Illinois Director of Labor
- In office September 1, 1933 – September 29, 1941
- Governor: Henry Horner Dwight H. Green
- Preceded by: Barney Cohen
- Succeeded by: Francis B. Murphy

Personal details
- Born: March 18, 1894 Chicago, Illinois, U.S.
- Died: November 13, 1955 (aged 61) Washington, D.C., U.S.
- Party: Democratic
- Spouse: Anna McNicholas
- Children: 3

= Martin Patrick Durkin =

American politician

Martin Patrick Durkin (March 18, 1894 - November 13, 1955) was a U.S. administrator. He served as secretary of labor from January 21, 1953, to September 10, 1953, where he was the "plumber" of President Dwight Eisenhower's "Nine Millionaires and a Plumber" cabinet.

==Biography==
Durkin was born in Chicago, Illinois, on March 18, 1894, the son of James J. Durkin and Mary Catherine (née Higgins). At the age of 17, Durkin became involved in the plumbers' and pipe fitters' union. On August 29, 1921, Durkin married the former Anna H. McNicholas. They had three sons: Martin Bernard, William Joseph and John Francis Durkin.

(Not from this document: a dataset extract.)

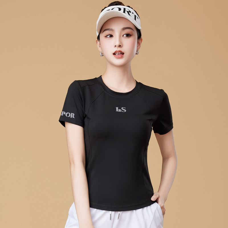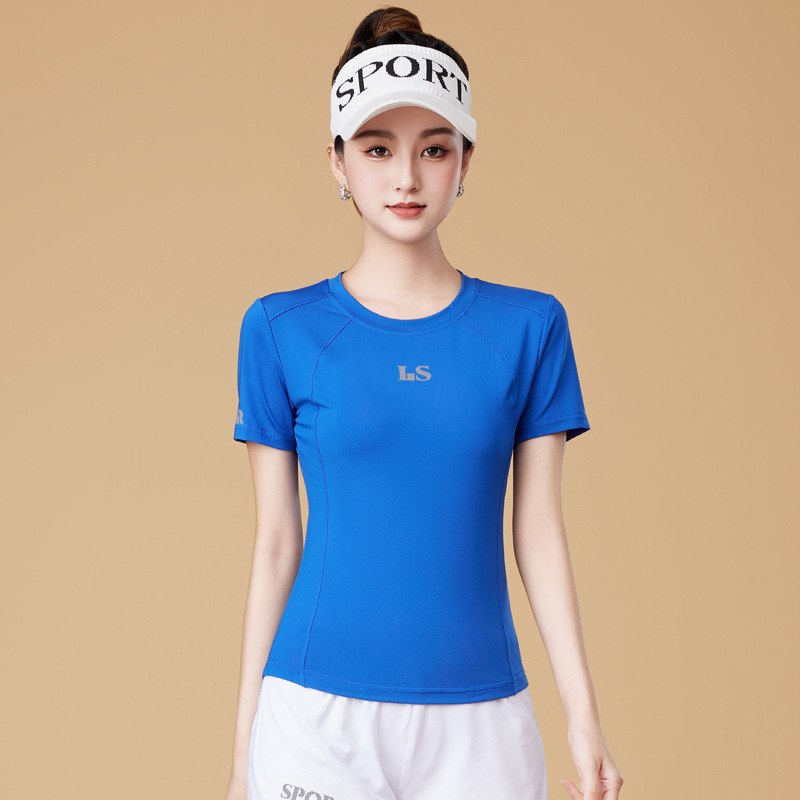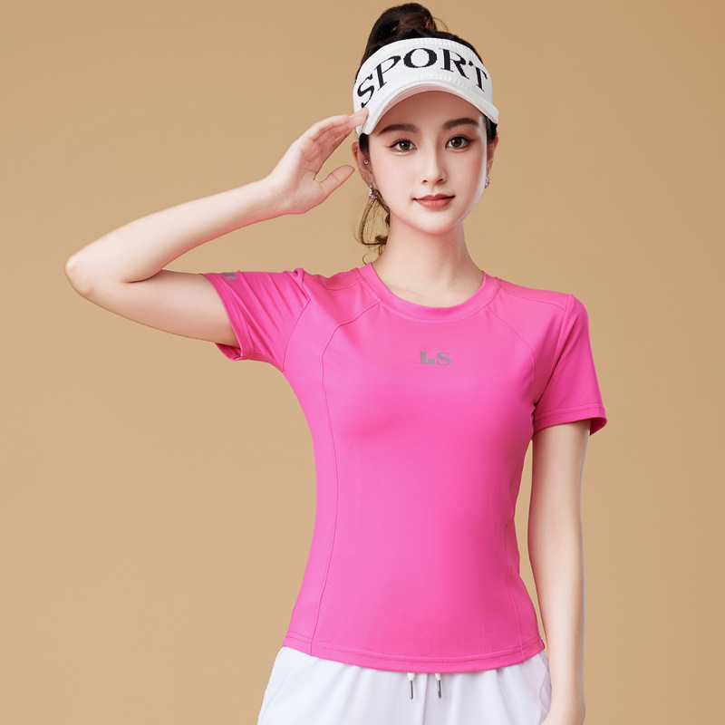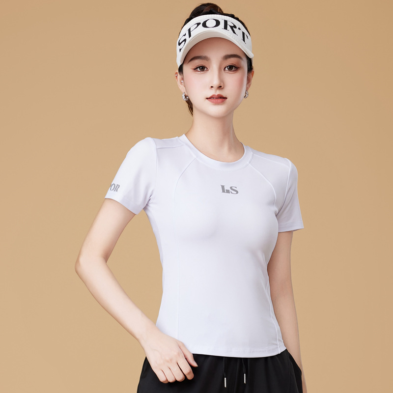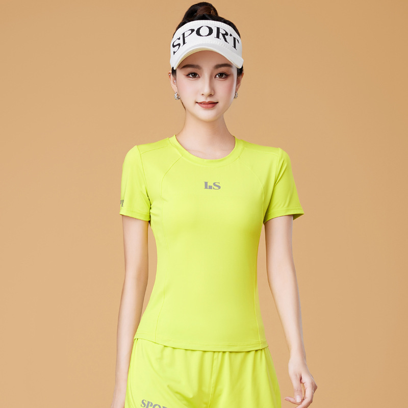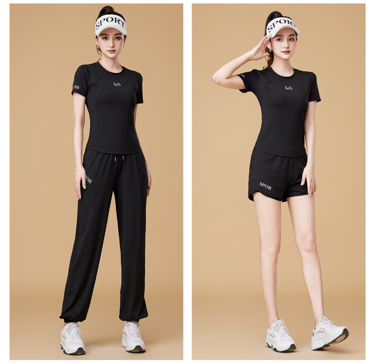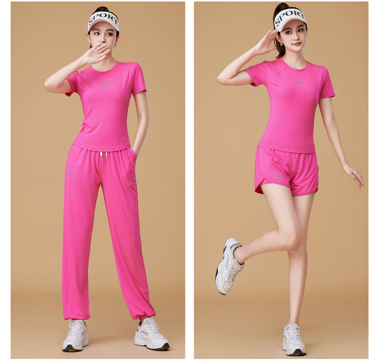 봄과 여름 운동복 피트니스 반팔 티셔츠 최고 빠른 건조 그룹 요가 달리기 캐주얼 스퀘어 댄스 의류 반바지스토어 가기
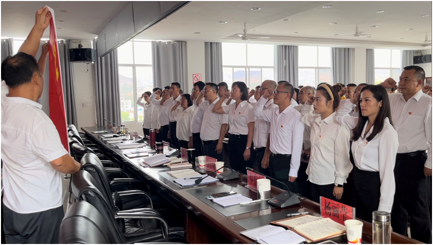 大会在庄严的国歌声中拉开帷幕,党员们纷纷起立,心中激荡着对祖国的热爱与忠诚,奏唱国歌。

He eventually became president of that union. He then served as Illinois's Director of Labor starting in September 1933, being appointed by Governor Henry Horner. He worked closely with the President Franklin D. Roosevelt's Secretary of Labor, Frances Perkins during this time. He resigned in September of 1941.

Durkin served as the secretary of labor during the Eisenhower administration. A Democrat among Republicans, he unsuccessfully pushed for his revisions in the Taft-Hartley Act. This led to his resignation after less than eight months in office, the shortest tenure of any secretary of labor.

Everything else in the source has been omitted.